Woodson created Negro History Week in 1926 as a time for Black people to not only learn about Black history, but to take the time to reflect on it.
In April 1928, the Germantown YMCA hosted an event called Negro Achievement Week for the Germantown community, featuring such prominent African Americans as Alain Locke, W.E.B. DuBois, and James Weldon Johnson. The week’s events received little media attention but were robust, including a mass community meeting, a music night, an art night, and a history lecture, held in both Germantown and Center City, according to the Germantown Historical Society.

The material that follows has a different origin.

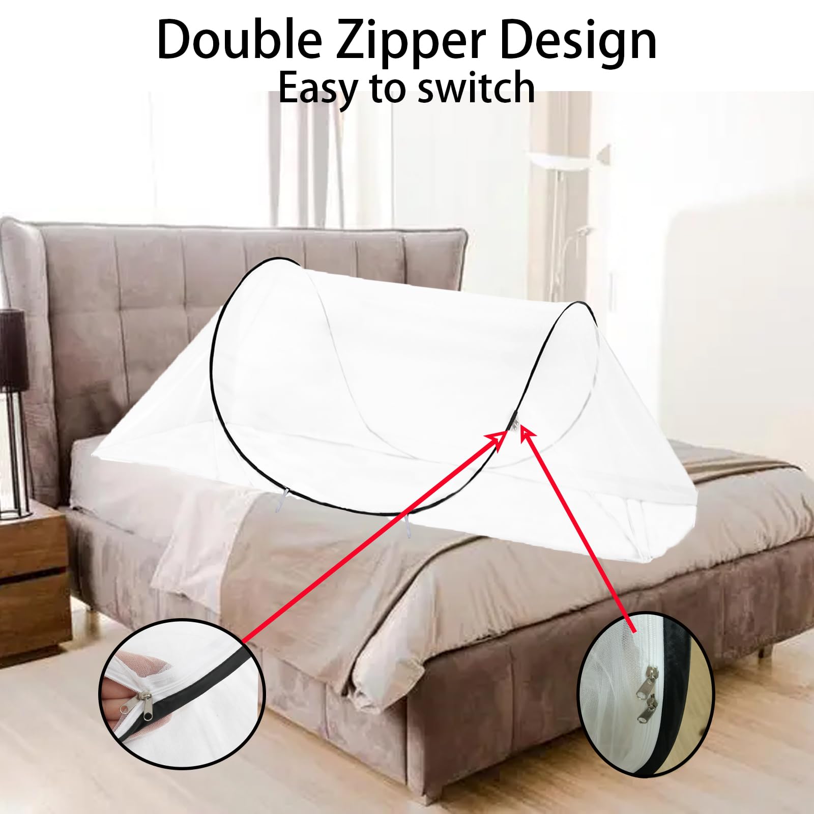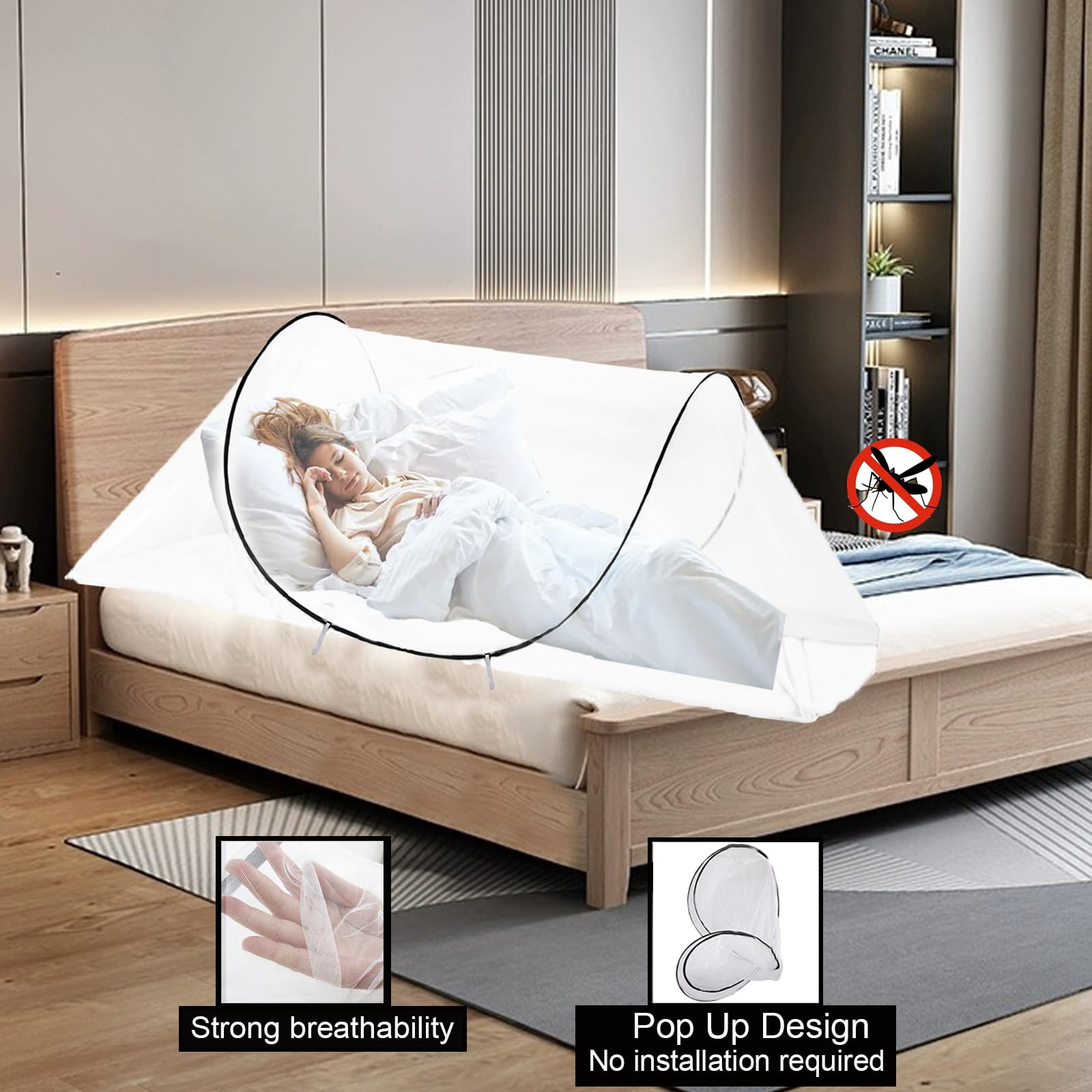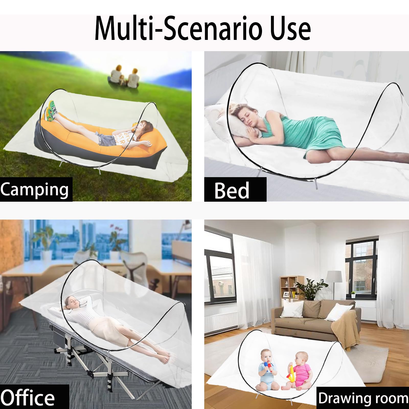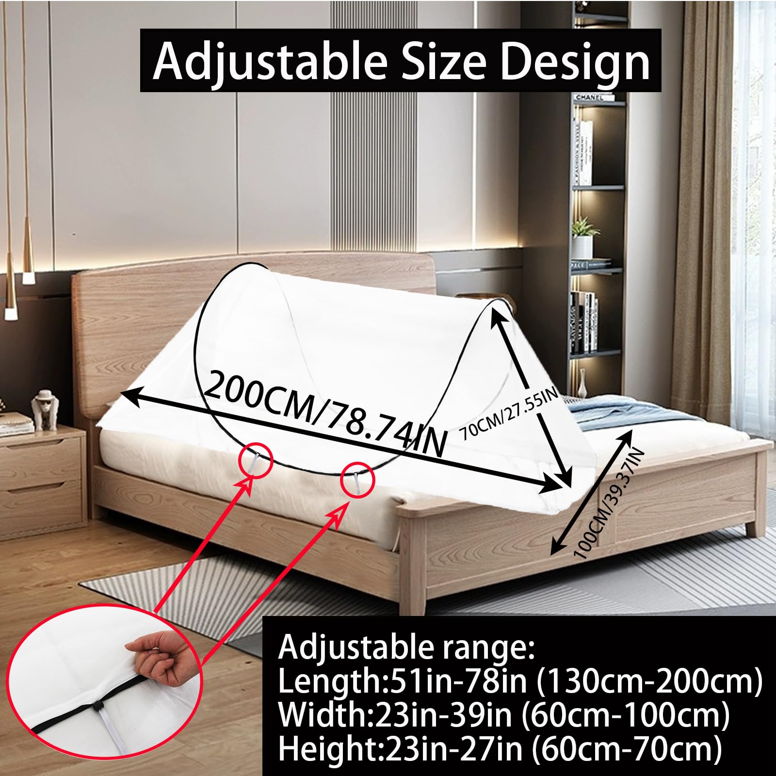 CMINGJ 大型ポップアップモスキートテント、ポータブル折りたたみ式蚊帳、ベッド、キャンプ、旅行パティオ用(78 x 31 x 22インチ) (ブラック調整可能サイズ)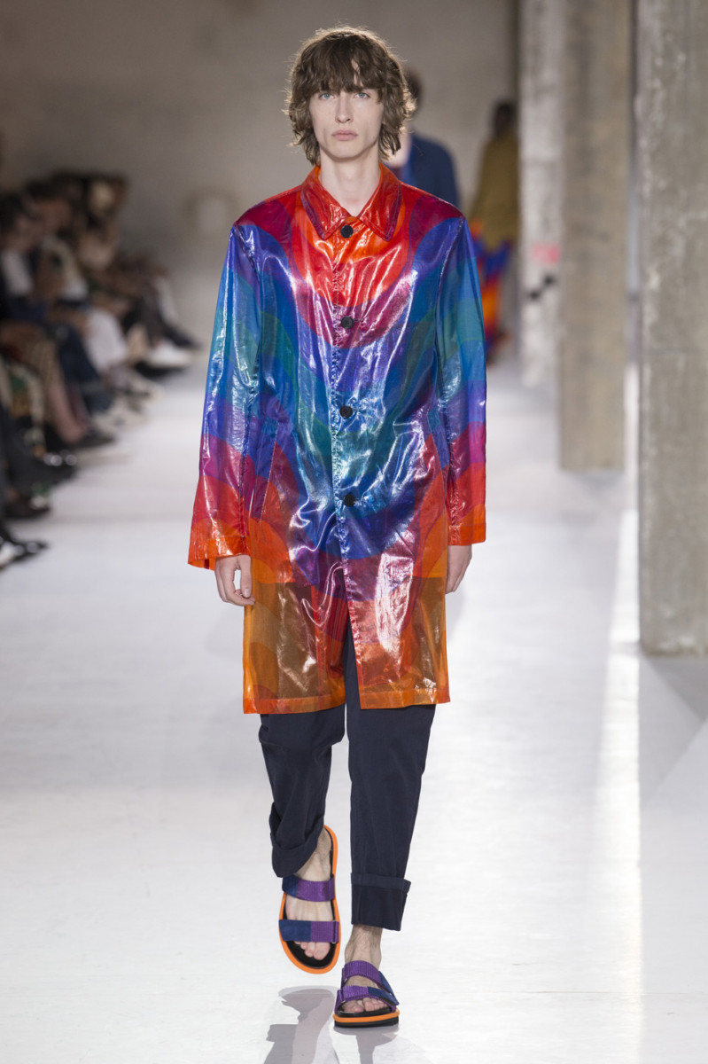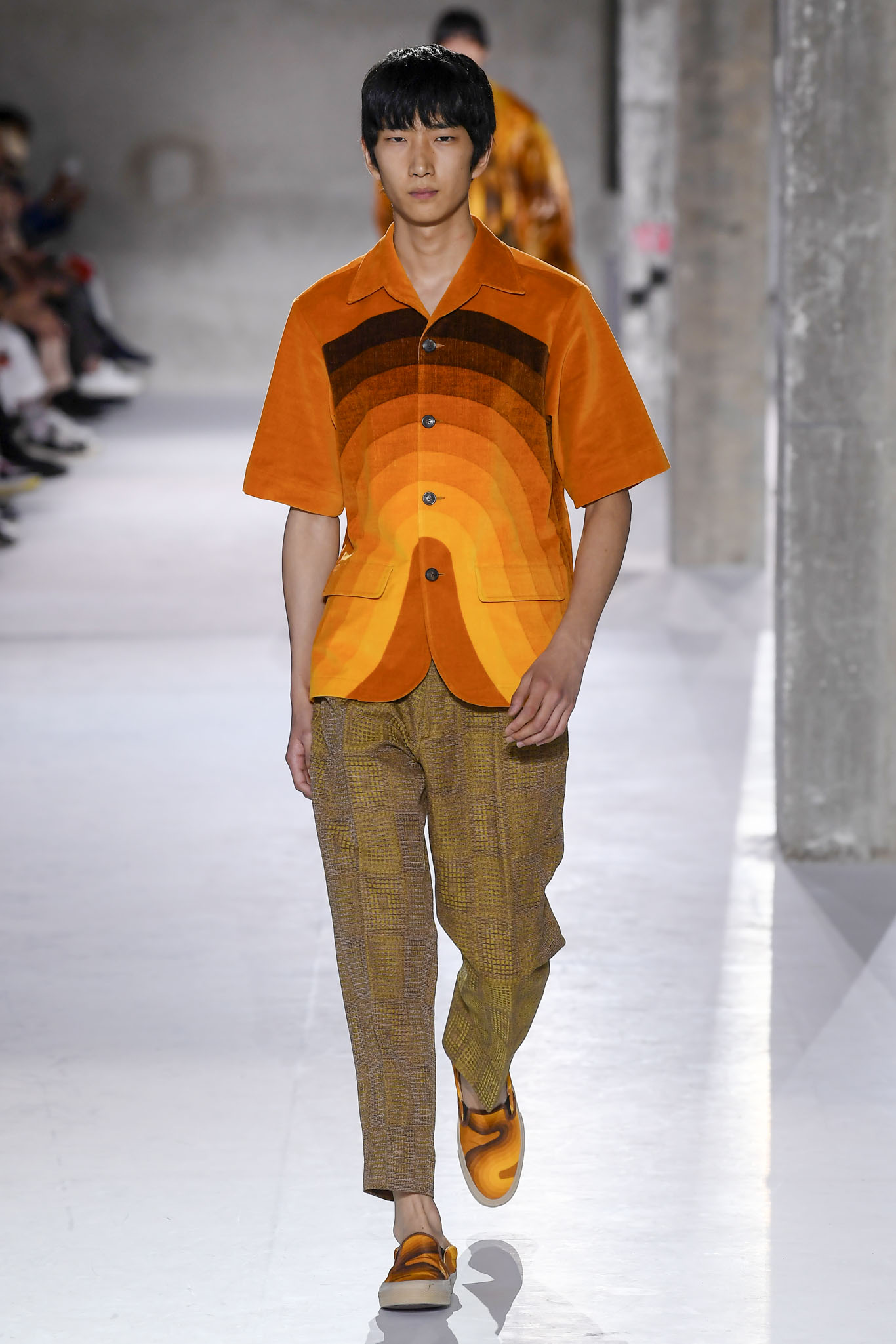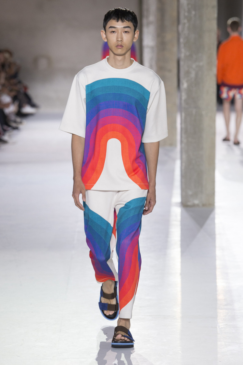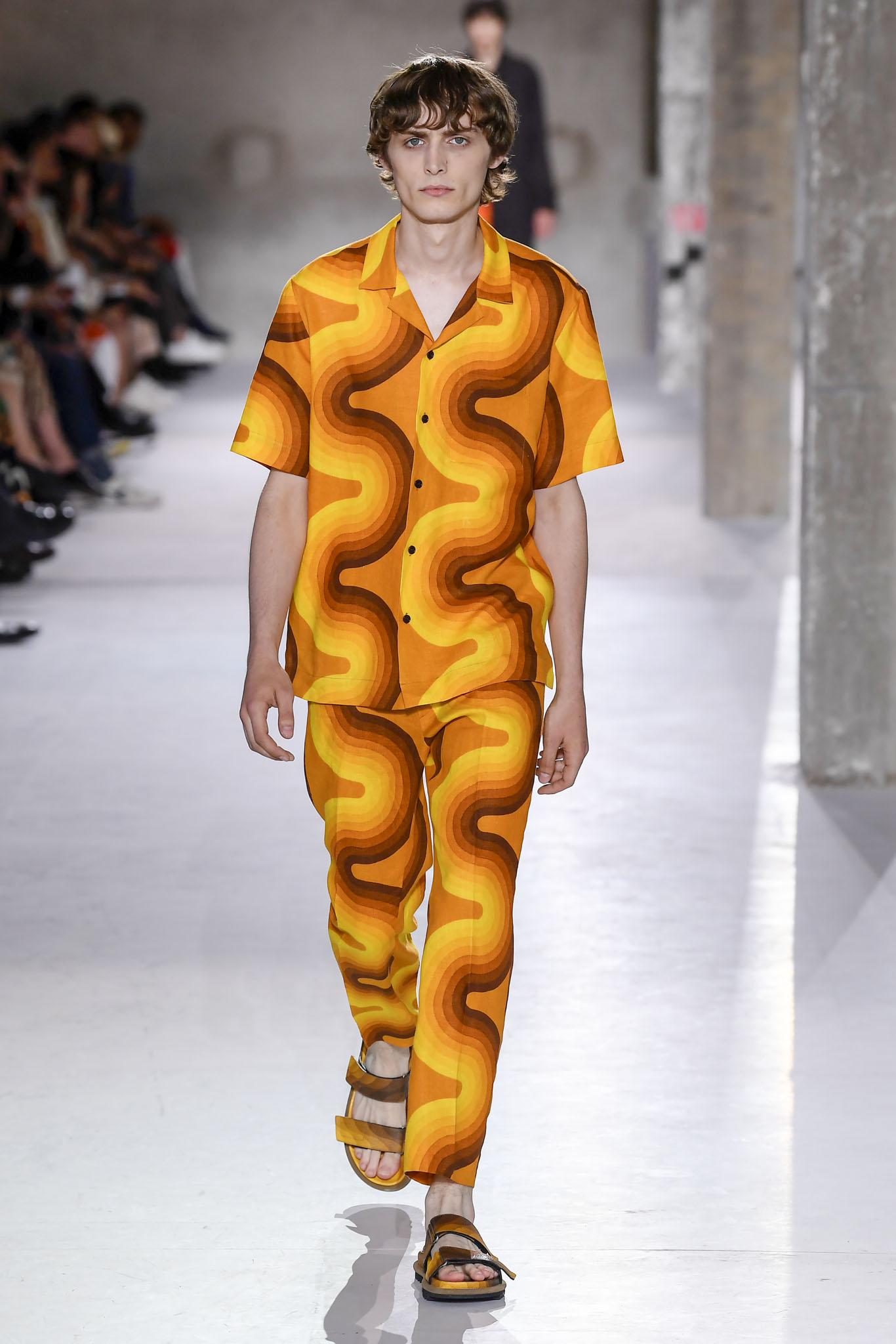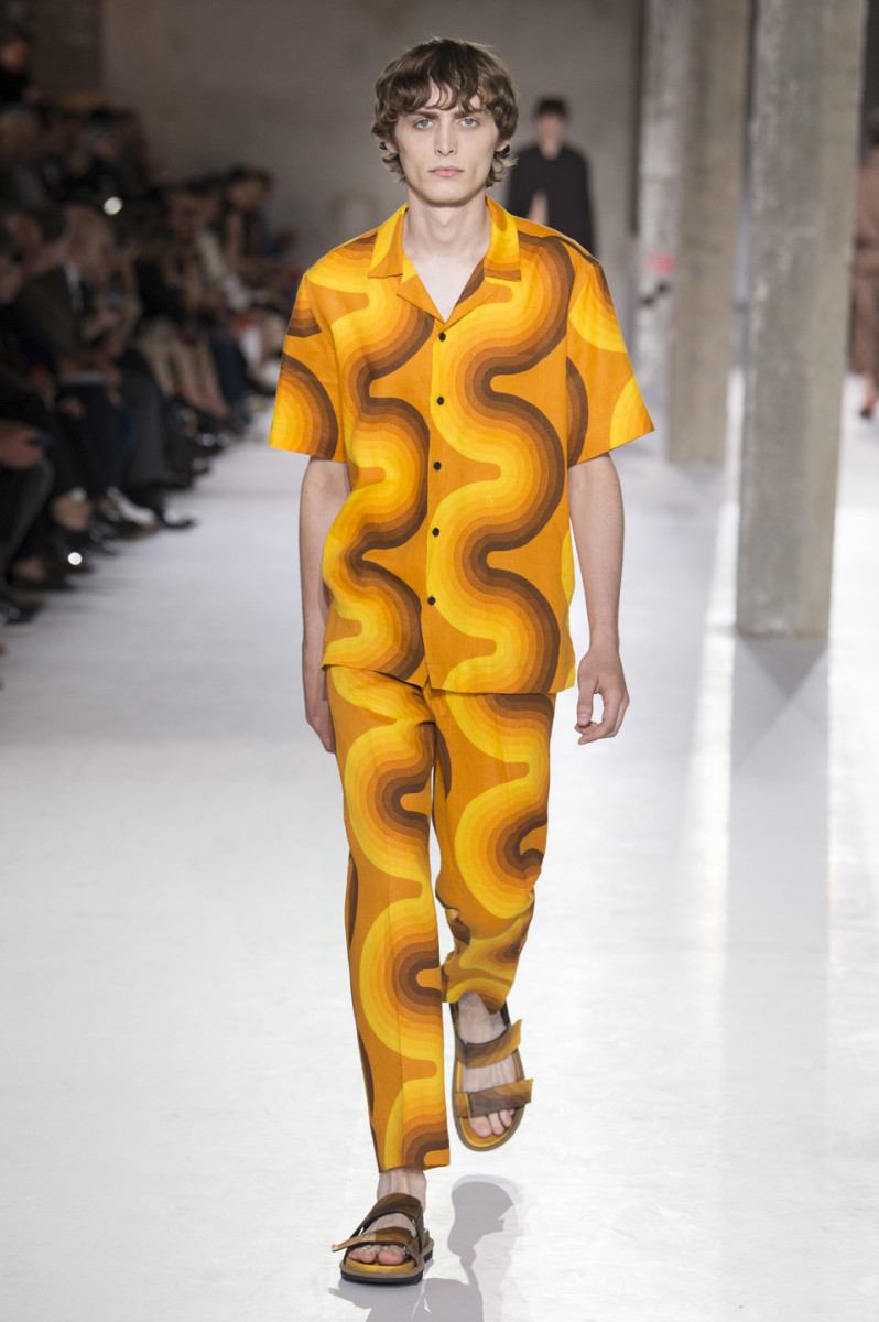 On retrouve des imprimés psychédéliques sur les t-shirts, les shorts ou encore les blazers, accompagnés de sandales et de slip-on. Le défilé apparaît comme un kaléidoscope de pièces colorés allant des teintes orange vermillon au bleu marine, le tout adouci par un marron chocolat. On y découvre aussi quelques looks monochromes qui viennent rythmer la danse des couleurs sur une bande son au style skiffle. Une fois de plus le créateur belge a su asseoir sa réputation avec un défilé parfaitement maîtrisé dans sa simplicité.

The events were aimed at educating white people, as well, with DuBois’ pointedly noting that “he reminded the whites too often of their injustice to the Negro.”
Planning for Negro Achievement Week in Philadelphia began in 1923 at the “Black Branch” of the Germantown YMCA, known as the “Colored Y,” under the guidance of Olivia Yancey Taylor and Eva del Vakia Bowles.
Members of the Colored Y formed an interracial committee to plan the week’s activities, including a variety of African American heritage events.
The first Negro Achievement Week, which became Negro History Week happened in 1925, influenced by a partnership between Woodson and members of the Black fraternity Omega Psi Phi who created Negro History and Literature Week, first celebrated in April of 1921.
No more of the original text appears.